### DATA EXCERPTS

────────────────

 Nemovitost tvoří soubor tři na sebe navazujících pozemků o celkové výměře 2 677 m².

────────────────

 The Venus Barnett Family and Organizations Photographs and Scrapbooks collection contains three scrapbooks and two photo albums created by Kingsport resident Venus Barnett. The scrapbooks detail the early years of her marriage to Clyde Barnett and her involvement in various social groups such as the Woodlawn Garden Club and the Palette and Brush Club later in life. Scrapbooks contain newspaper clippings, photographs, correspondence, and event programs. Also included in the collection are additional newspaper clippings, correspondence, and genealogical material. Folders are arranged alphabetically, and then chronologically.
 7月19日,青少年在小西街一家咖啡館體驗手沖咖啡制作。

────────────────

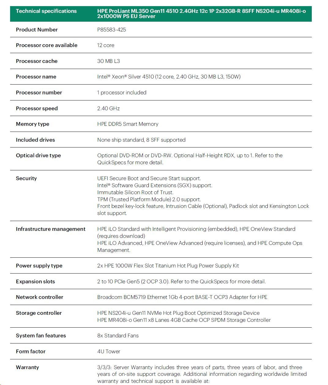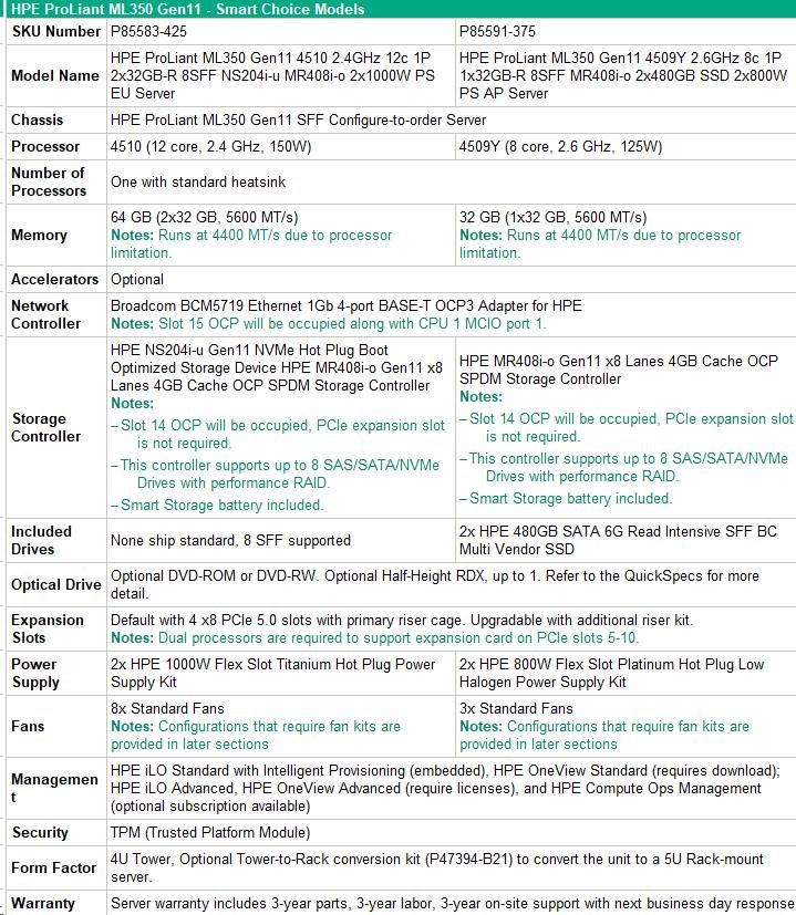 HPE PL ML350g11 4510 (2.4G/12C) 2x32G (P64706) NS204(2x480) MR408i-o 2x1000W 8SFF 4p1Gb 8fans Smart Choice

────────────────

### THE PROBLEM
Reprint exactly the lines above that start at the one with "The Venus Barnett" and end at the one with "7月19日,青少年在小西街一家咖啡館體驗手沖咖啡制作。", keeping both and adding none.

### OUTPUT FOR THIS TASK
 The Venus Barnett Family and Organizations Photographs and Scrapbooks collection contains three scrapbooks and two photo albums created by Kingsport resident Venus Barnett. The scrapbooks detail the early years of her marriage to Clyde Barnett and her involvement in various social groups such as the Woodlawn Garden Club and the Palette and Brush Club later in life. Scrapbooks contain newspaper clippings, photographs, correspondence, and event programs. Also included in the collection are additional newspaper clippings, correspondence, and genealogical material. Folders are arranged alphabetically, and then chronologically.
 7月19日,青少年在小西街一家咖啡館體驗手沖咖啡制作。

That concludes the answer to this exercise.